IGF-II mRNA and protein are expressed in the stroma of invasive breast cancers: Anin situ hybridization and immunohistochemistry study
Insulin-like growth factor-II (IGF-II) is a potent mitogen for a variety of cell types and is considered an important regulator of breast cancer growth. In this study, we analyzed IGF-II mRNA and protein expression in a series of 80 cases of invasive breast cancer. Seventy-five cases produced informative results for IGF-II mRNA expression, and were scored on an arbitrary scale. Two cases (2.6%) had no significant IGF-II mRNA expression. 35 cases (46.7%) expressed low levels of IGF-II mRNA, 20 cases (26.7%) moderate IGF-II mRNA, while 18 (24%) expressed high levels of IGF-II message. Generally, IGF-II mRNA was expressed in the smooth muscle walls of blood vessels and ducts, as well as in the stroma tightly adjacent to and surrounding tumor epithelium. IGF-II mRNA content was also directly related to the amount of the stroma within the tumor (p<0.05).
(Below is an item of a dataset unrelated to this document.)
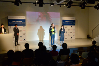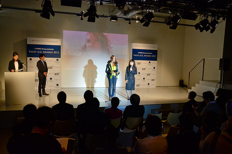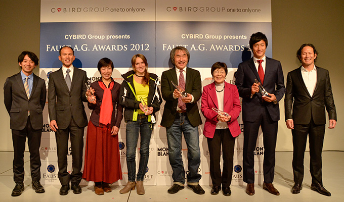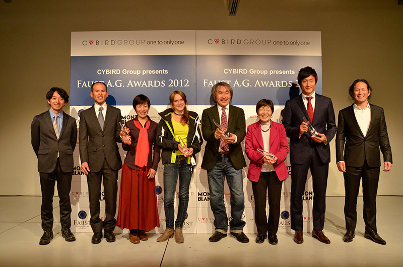 Laura and the other award winners at the awards ceremony. From left: Mr. Ukyo Katayama (presenter); Alpine climbers Mr. Kazuya Hiraide and Ms. Kei Taniguchi; Laura; Adventurer Mr. Shinji Kazama; Mountaineer Ms. Junko Tabei; Soccer pro Mr. Ken Tokura of Vissel Kobe; and Awards promoter Mr. Kazutomo Robert Hori, CEO of Cybird Holdings. Pictures from the award ceremony can be found at the following link: http://www.faust-ag.jp/quest/quest027/

In 10 cases (13.3%) IGF-II mRNA was detected in the stroma of normal lobules. Fifty-six out of 75 were positive for IGF-II immunostaining. Again, protein staining was generally observed in the smooth muscle of both blood vessels and ducts, as well as in the stroma surrounding tumor epithelium. In normal lobules and ducts the IGF-II protein was detected in the myoepithelium. Unequivocal IGF-II protein staining was seen in tumor epithelium in only three cases. The results of our study demonstrate that, in breast cancer, IGF-II mRNA is expressed in the smooth muscle and stromal components in the majority of invasive breast cancers. IGF-II expression correlates positively with the amount of stromal tissue present within a tumor. This suggests that IGF-II may have an important growth regulatory effect on breast tumor epithelium through paracrine pathways.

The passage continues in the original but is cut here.